If the patents are the result of own innovative R&D output, asserting them against alleged infringers who use these intangible assets in their own products in order to recoup investments in own R&D in no way differs from any patent assertion strategy as we know them. If however is these patents have been bought from a third party with the purpose of enforcing it against companies using the patented technology is exposes a flaw in existing IP strategies of major European companies. Or, at best, the uncovering of unused potentials in existing IP portfolios of those companies. Obviously these patents have been bought by a party that decided to make value of patents where the seller did not see it, or where the patents did not represent core business anymore, or, alternatively, where the seller decided that doing it themselves would be out of their (financial or organizational) reach. The price the buyer (IP-Com) was willing to pay (having made the analysis that they would be in a better position to make even more money of those patents, backed by investors, than the original owner) reflects the potential and true value of the patents.

This is what we will increasingly see happening. A lot of companies are sitting on IP that is not subject to active value creating strategies, but rather used as defensive (and passive) “freedom-to-operate” thinking. One can hardly blame parties for looking to find “Rembrandts in the attic” and come up with a viable value extracting enforcement strategy for pursuing financial rewards from intangible assets, where the original owners did not.

So, is this reason for European companies to grumble? If you read the commentaries and listen to the comments made in boardrooms of many companies, they certainly do.
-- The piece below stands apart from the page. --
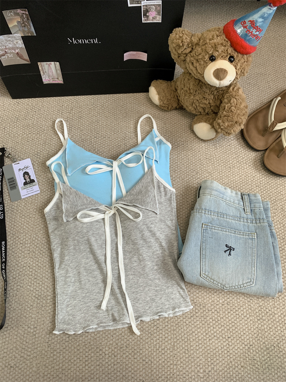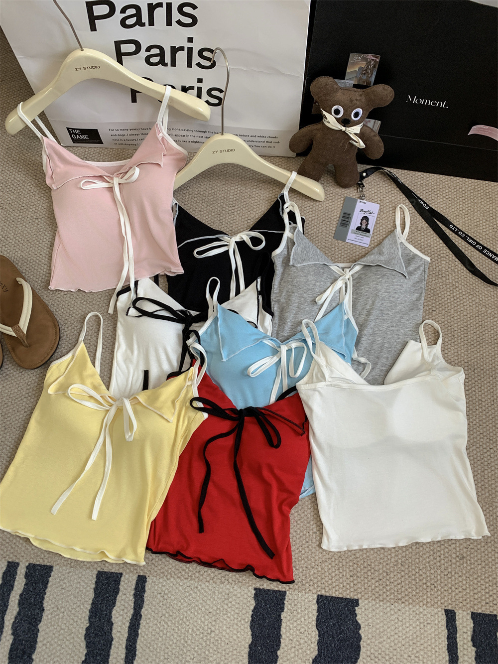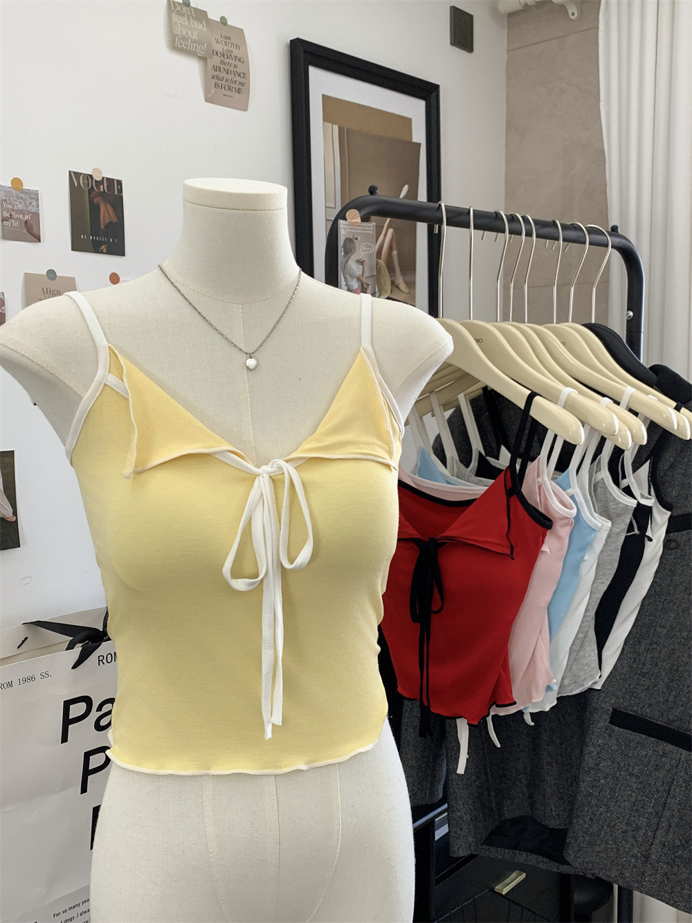 활 카미 솔 여성의 명암 옷깃 아우터 달콤하고 뜨거운 민소매 섹시한 슬림-안쪽에 맞는 아름다운 뒷베이스 탑
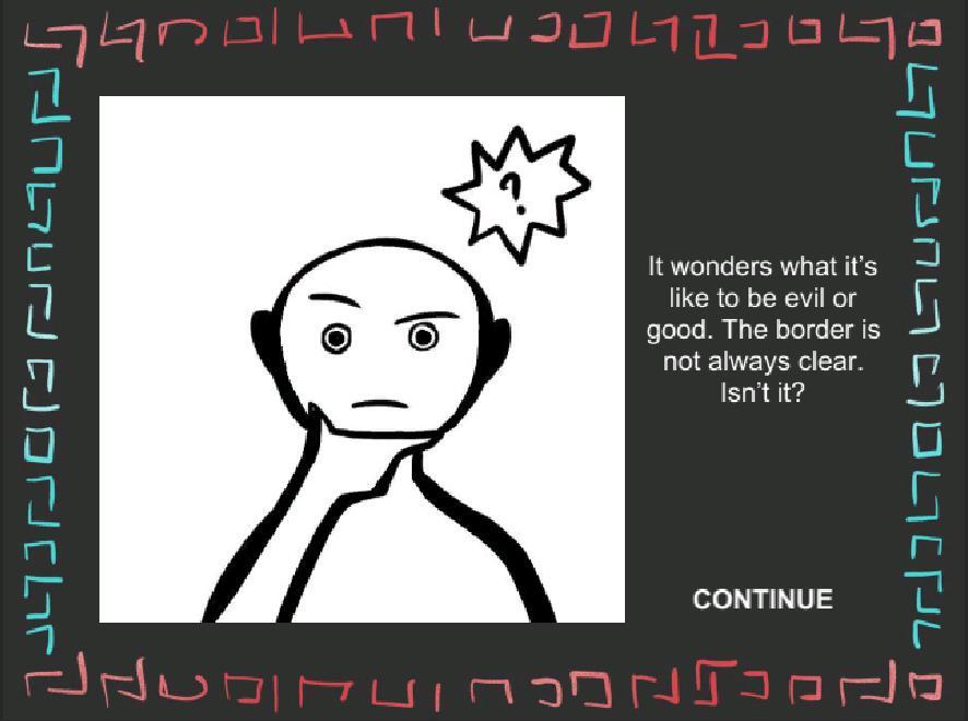A Bug In It Mind — это психологическая приключенческая игра. Оно содержит множество глубоких смысловых пластов. Каждый может понимать игровые сообщения по-своему, и здесь нет правильного или неправильного. Основная идея игры заключается в том, чтобы делать выбор и наблюдать за последствиями этого выбора.

We would argue that this is not the way this phenomenon should be addressed. Rather than complaining, companies should more actively seek active strategies to extract value out of their own patent portfolios, or- depending on where they stand at the equation – hire expertise to pursue a more active IP strategy. Whether that is to engage arm’s length companies to license out their non used IP, or buy defensive IP positions on the market before NPEs doing just that. The point we would like to make is: get rid of that grinded and often wrong idea that patents are just to create freedom to operate.

This will in turn requires a much more active debate about the need to get a more transparent IP market. As there is no real and open “market” for IP - in the economic sense - where buyers and sellers can meet supply and demand, based on generally accepted value propositions, the call for improvement of the market conditions for IP will increase. The actions by NPEs will therefore have two positive outcomes. Firstly companies are forced to critically evaluate and reform their IP strategies and secondly, there will be a innovative push to create new market mechanisms for IP to be more easily change hands.